If there is anything positive to come out of COVID, it’s the record low mortgage rates that it created. As the pandemic won’t last forever, neither will the rates, so rising rates shouldn’t come as a shock to any of us. As the economy recovers, we can expect rates to revert back to where they were before the whole thing started.
How Today’s Mortgage Rates Compare With Pre-COVID Rates
Even though fixed mortgage rates have increased by as much as 0.70% since the summer, they have still not reached pre-pandemic levels. In January 2020, the lowest 5 year fixed rates ranged from 2.74% – 2.99%, depending on your situation. Today’s lowest 5 year fixed rates range from 2.14% – 2.59%.
For anyone who had been shopping for mortgage rates from mid-2020 through summer of 2021, these rates sound high as we were used to looking at fixed rates starting with a one. While fixed rates have increased, they are still well below where they were pre-COVID.
With 80+% of the population vaccinated, and significantly lower new case counts, it was looking as though we were finally coming out of the pandemic. Economic growth was exceeding Bank of Canada expectations, which contributed to the rising fixed mortgage rates.
The Next Bank Of Canada Rate Increase
There was some speculation that the BOC may even move up their timeline for their projected rate increase. Some economists were predicting that this could come as early as January. If our economy continues chugging along a its current pace, then this would be a strong possibility.
That is, until we were hit with the Omicron COVID-19 variant.
As vaccines are considerably less effective against Omicron compared with other variants, our case counts have been rising fast. New restrictions are being implemented. The new Omicron variant brings more uncertainty, which is bad news for economic recovery. No one knows how this is going to unfold, not even leading economists, or the Bank of Canada themselves.
Uncertainty alone can have a big impact on mortgage rates, which could lead to the BOC to pushing out their plans. In their last rate announcement on December 8th, they doubled down on their prediction that their next increase will come at some point in the middle two quarters of 2022, which could mean an increase as early as April, or as late as September. What ends up happening is anyone’s guess, but at this stage it appears that a rate increase prior to April is an unlikely scenario. Anything can happen of course.

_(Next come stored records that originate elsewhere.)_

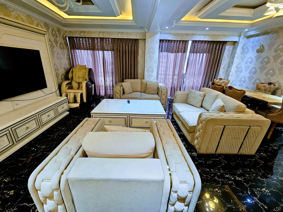 Bucură-te de un apartament modern cu 3 dormitoare, cu vedere uimitoare la orașul Addis, ferestre din podea până în tavan și un balcon privat. Dispune de un living luminos deschis, iluminat elegant, bucătărie complet utilată, Wi-Fi rapid, smart TV și spălătorie. Situat într-un cartier liniștit, de lux, Yeka - perfect pentru familii, persoane care călătoresc în interes de afaceri și șederi de lungă durată.
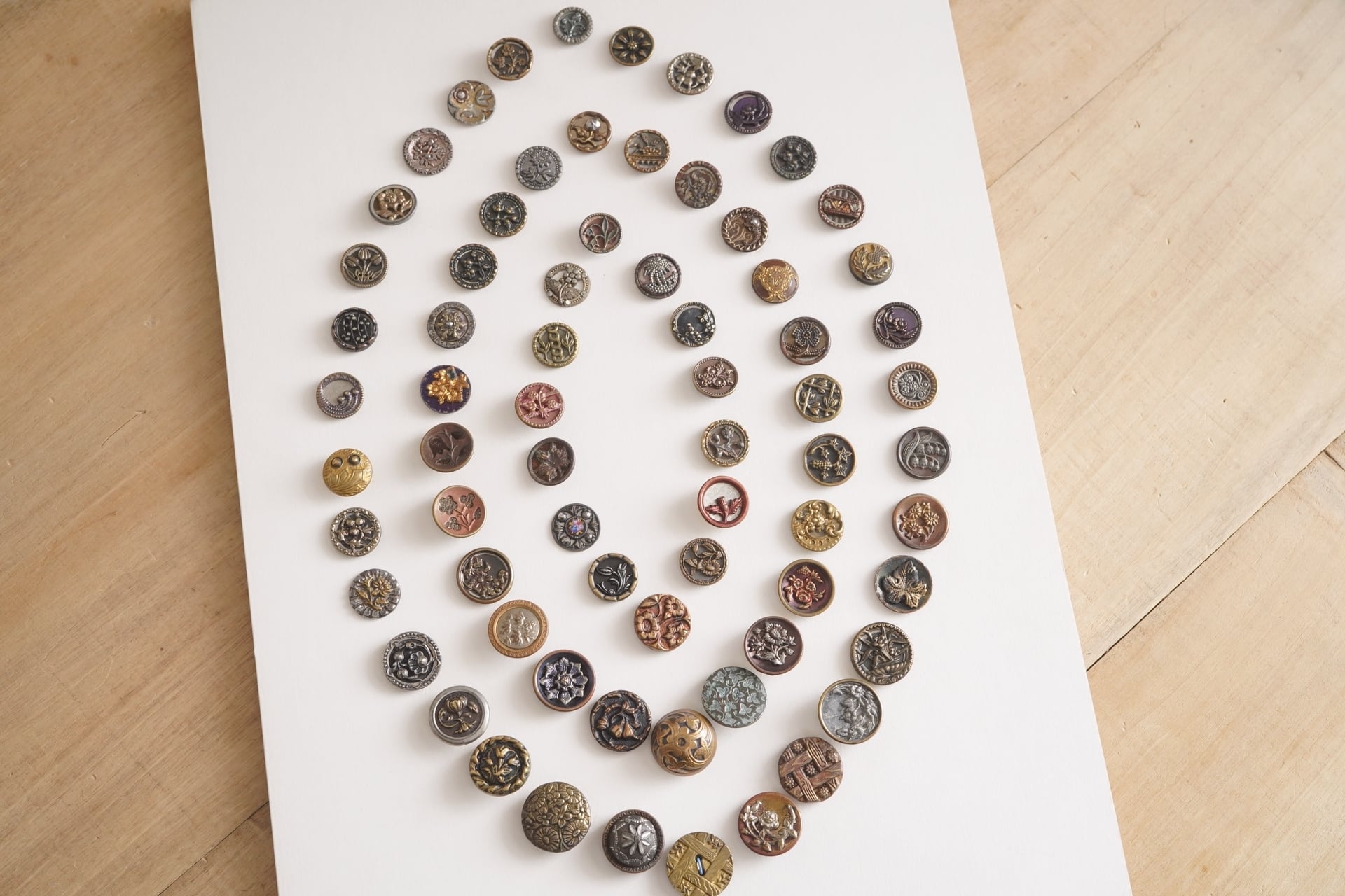 70個ものアンティークメタルボタンが留められた厚紙シートです。
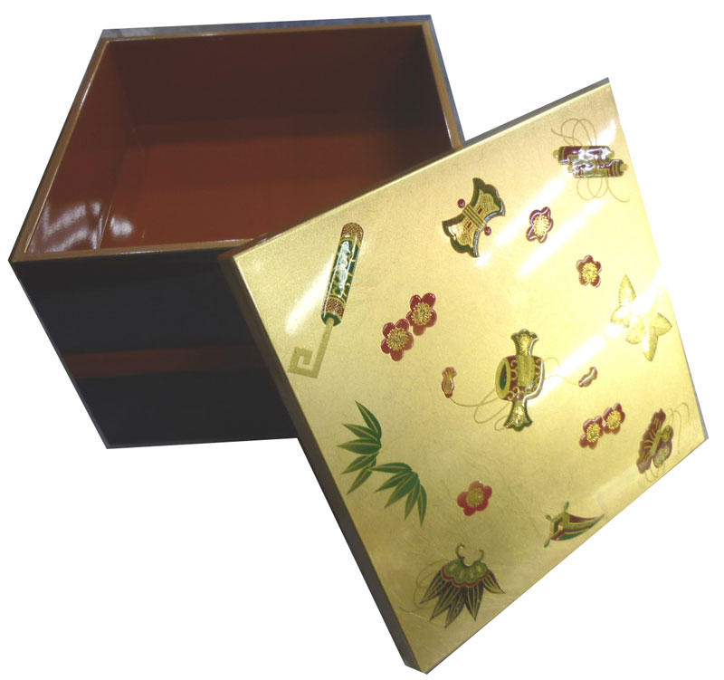 5.0二段重宝づくし(中皿付) 150x150x120 金箔に宝づくし、究極のラッキーアイテム小重 樹脂製
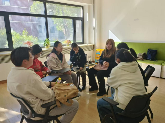 接下来,活动进入了人体字母的游戏环节,每组成员抽取一组单词,在组内进行讨论和分工,最终用身体合作呈现出这个单词,若有他组成员猜出,则视为挑战成功。同学们进行了激烈的讨论,展示时每个人都尽力的完成自己的演绎,最后在一片笑声中完成了各自的挑战。
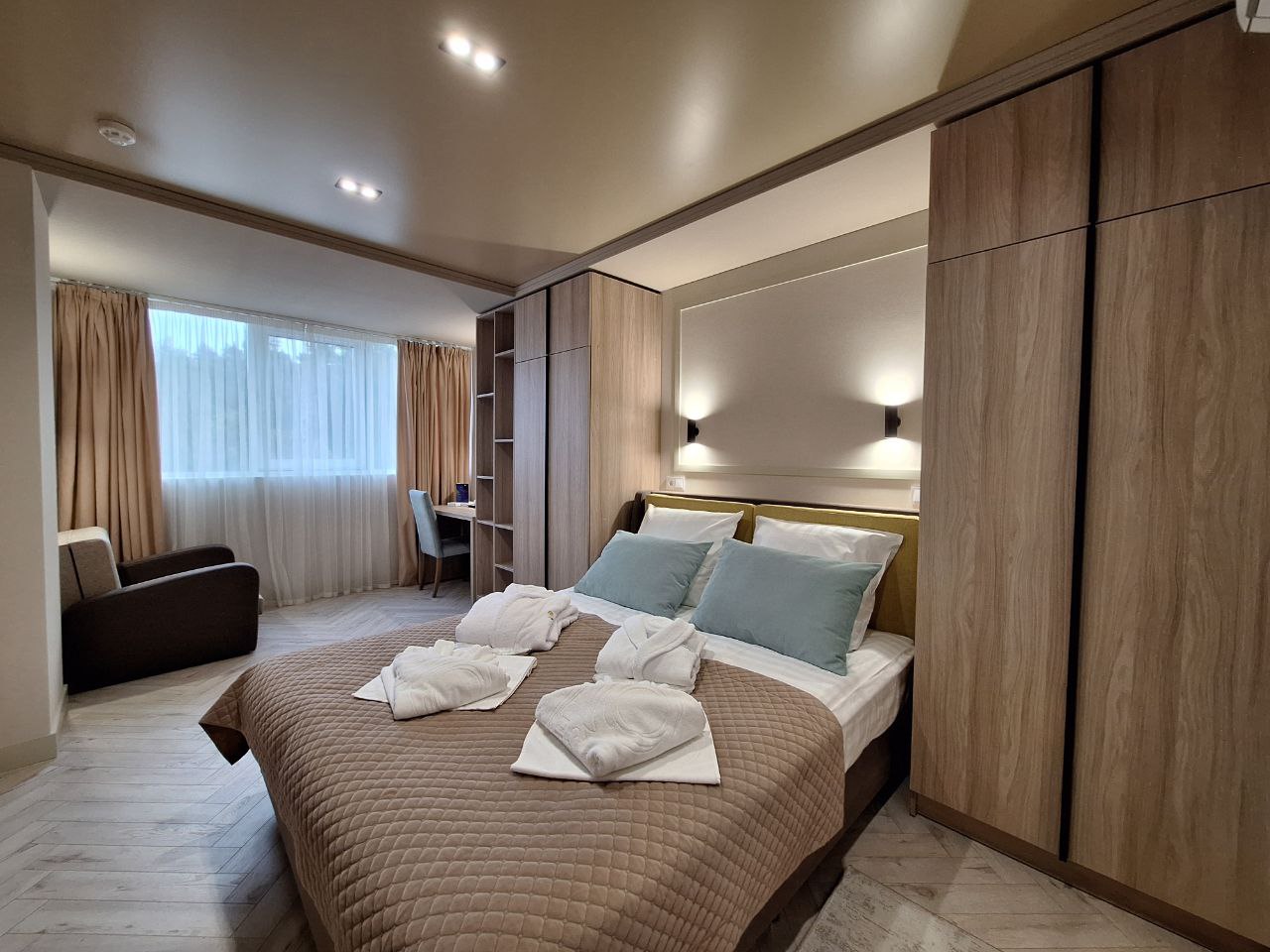 Гости проживают в двух семиэтажных корпусах: корпусе №1 «Приозерный» и корпусе №2 «Лазурный», которые соединены крытым переходом. Также гости размещаются в благоустроенных коттеджах и лесных домиках, расположенных в глубине территории. Все номера Стандарт, Doublе+ (от 14 кв.м), Супериор и Супериор + (16 кв.м), двухкомнатный Сюит (38 кв.м), трехкомнатный коттедж (48 кв.м) оформлены в спокойных, природных тонах и располагают: кондиционером (кроме номеров Стандарт и Супериор), телевизором, телефоном, мини-холодильником, чайником с набором посуды, ванной комнатой (фен, халат, тапочки, косметические принадлежности), WiFi. Часть номеров с балконом со столиком и стульями. Номера Сюит имеют спальню, гостиную и собственную террасу с шезлонгами и садовой мебелью с видом на хвойный лес.

The Bank of Canada’s Influence On Mortgage Rates
It’s a common belief that the scheduled Bank of Canada rate announcements relate to all mortgage rates, both fixed and variable. While they can stimulate movement on both rate types, they are of particular interest to those with variable rate mortgages. While rare, it’s possible for fixed and variable rates to move in opposite directions. When the BOC made a rare unscheduled rate cut of 0.50% on Friday, March 13th, 2020, bond yields immediately started to soar. This resulted in some lenders increasing their 5 year fixed rates by as much as 0.25% within hours. Virtually all mortgage lenders followed within the next few business days. This is a rare case, but it can happen. For the most part, the Bank of Canada rate announcements relate to variable rate mortgages while fixed mortgage rates have a mind of their own.
Downward Pressure On Fixed Mortgage Rates?
Fixed mortgage rates are largely influenced by bond yields, which began their precipitous rise back to pre-pandemic levels late September, which then peaked on November 23rd. This was highest they’ve been since January 2020.
With the uncertainty created by the Omicron variant, bond yields have since dropped roughly 27% since their late November peak, therefore reversing upward pressure on fixed mortgage rates. While they have increased in the last few days, they are still roughly 20% lower than their 22 month high reached late November.
As it’s only been a few days, it’s hard to determine if the downward trend has reversed. 20% still represents a significant drop, however we have not yet seen any downward movement on fixed rates. For now, the yields have dropped enough to remove any upward pressure, but not enough to stimulate downward movement. If the downward trend were to continue, then decreases to fixed mortgage rates can be expected. For now, fixed mortgage rates remain stable.
Rising Mortgage Rates In 2022
The only reason why both fixed and variable rates are this low is because of the pandemic. While it seems like the pandemic is dragging on forever with one new variant after another, it will eventually come to an end. All pandemics do. Once it ends, rates will rise. It’s just a matter of when and by how much.
While Omicron may keep lower mortgage rates around for longer than originally expected, inflation remains a major concern. The Bank of Canada believes that the inflation concerns will be short lived, but there are some economists singing a different tune.
Regardless of whether were discussing economics, the housing or stock markets, politics, or even sports, there is always going to be someone taking the other side. No one can say for sure what is going to happen, and all we can do is speculate based on what we know today. As new information becomes available, the predictions will change accordingly. Time will tell and anything can happen.